Fourth Sunday in Lent
There is a building in Dubuque which can almost function as a metaphor for human life. The Dubuque Brewery and Malting Company had occupied this building until it ceased operations there. In 2017, the building was purchased by a man who thought it could be transformed into a commercial and residential property. He was hoping for government funding, while initial efforts at renovation proved more difficult than foreseen. The building has been deteriorating and falling stones are a danger to passersby. It is a question of whether it can be saved at all or if it should be demolished. Is it worth putting more money into it? Someone has to decide, has to make the judgment.

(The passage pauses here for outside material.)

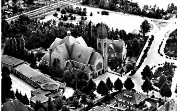
De kerk Onze Lieve Vrouwe van Altijddurende Bijstand. Links de Theresiaschool.

speelden, kwamen er ineens een paar Duitse overvalwagens aanrijden. We schrokken ons een ongeluk en dachten dat ze naar de kerk zouden gaan voor dat 'Wilhelmus'. Ze gingen echter richting Obrechtlaan en reden daar de tuin van het huis van Sickenga in. Wij maakten benen. Later hoorde ik dat in dat huis een illegale radiozender zat. Het had iets te maken met het Engelandspiel, Geen notie wat dat was. Een van de data die ik nooit zal vergeten ben was 15 augustus 1944. Een prachtige zomerdag. Je hoorde het langzaam dichterbij komend geluid van vliegtuigen. Nu kwamen er vrij laag heel veel grote vliegtuigen over in de richting van Soesterberg. Iedereen stond buiten te kijken. Overal vond je van
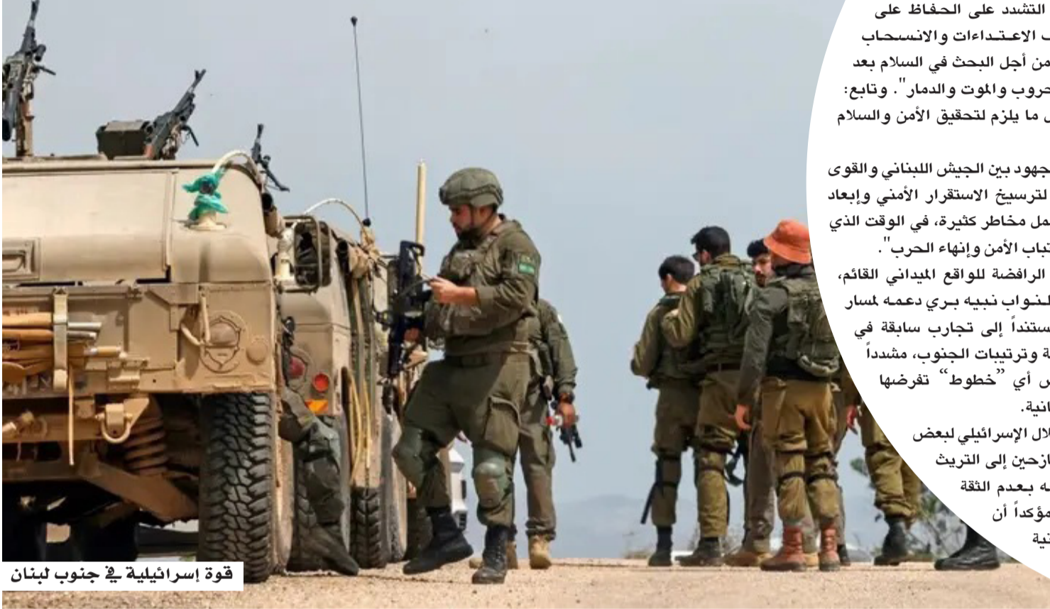
قوة إسرائيلية في جنوب لبنان

This seems to be the question God has addressed when he sees us dead in our transgressions. This is seldom the perspective we have of ourselves. Struggling, limping, defective – maybe. But dead in our transgressions is just hyperbole. The old building is really pretty reliable and trustworthy. A little paint and support work will get it back in shape. Surely, the critical vision of 2 Chronicles depicting a people marching from transgression to transgression, from infidelity to infidelity, and finally to the loss and destruction of all that was precious is only of historical interest. It can’t be describing the deterioration and collapse that are the consequences of freely chosen willfulness. If God is compassionate, then He will surely ignore and wash away the results of the choices that have made us who we are. This is our form of “government funding.” We don’t have to live with the consequences. Salvation is I’m o.k., you’re o.k.

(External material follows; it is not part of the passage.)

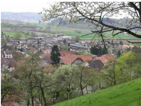
Das Dorf von Norden

Das Dorf präsentiert sich mit der neuen Begegnungszone in einem neuen Kleid und lädt die Bevölkerung zum Flanieren ein.

Perhaps it is not too irreverent to say that God has come and bought the deteriorating building of humanity. It is a creation that He loves. God so loved the world that He gave His only Son. Because of the great love He has for us… brought us to life with Christ — by grace you have been saved. No other power or force or energy is capable of redeeming and renovating the apparent wreckage that sin and evil have inflicted on persons, the society, and the cosmos. Their enemies burnt the house of God, tore down the walls of Jerusalem, … destroyed all its precious objects. Was it worth putting any investment in this? God’s answers by giving us His son. It is an answer that we can hear day after day. You are precious in my eyes.
God’s presence in our world through His son is a challenge for us to see the world as he sees it, to see life in light of the Light. We can prefer darkness to light, not just to escape a spotlight being turned on personal shadows, but to escape investment and commitment to a world inhospitable to works of love and compassion. When we come into the light, we are highly visible and vulnerable to hostility and humiliation. We are raised up with Christ as disturbers of the peace. The paradox and contradiction at the root of the foundation of a new creation is suffering love, the compassion of God incarnate in the gift of his son at work in reconstructing and redeeming that world he loves. We are his handiwork, created in Christ Jesus, for the good works that God has prepared in advance, that we should live in them.
The light and life that Christ brings and shares with us send us as prophets into our world, living already the eternal life of communion with God. We live by a truth which can contradict the certainties and logic of a world seeking to save itself while it undermines its own health and well-being. Whoever lives the truth comes to the light, so that his works may be clearly seen as done in God. Living the truth God is constantly revealing in Christ manifests that freedom which has its own reason for being in love, in the love which is the gift of the Father. That is God’s judgment on the world.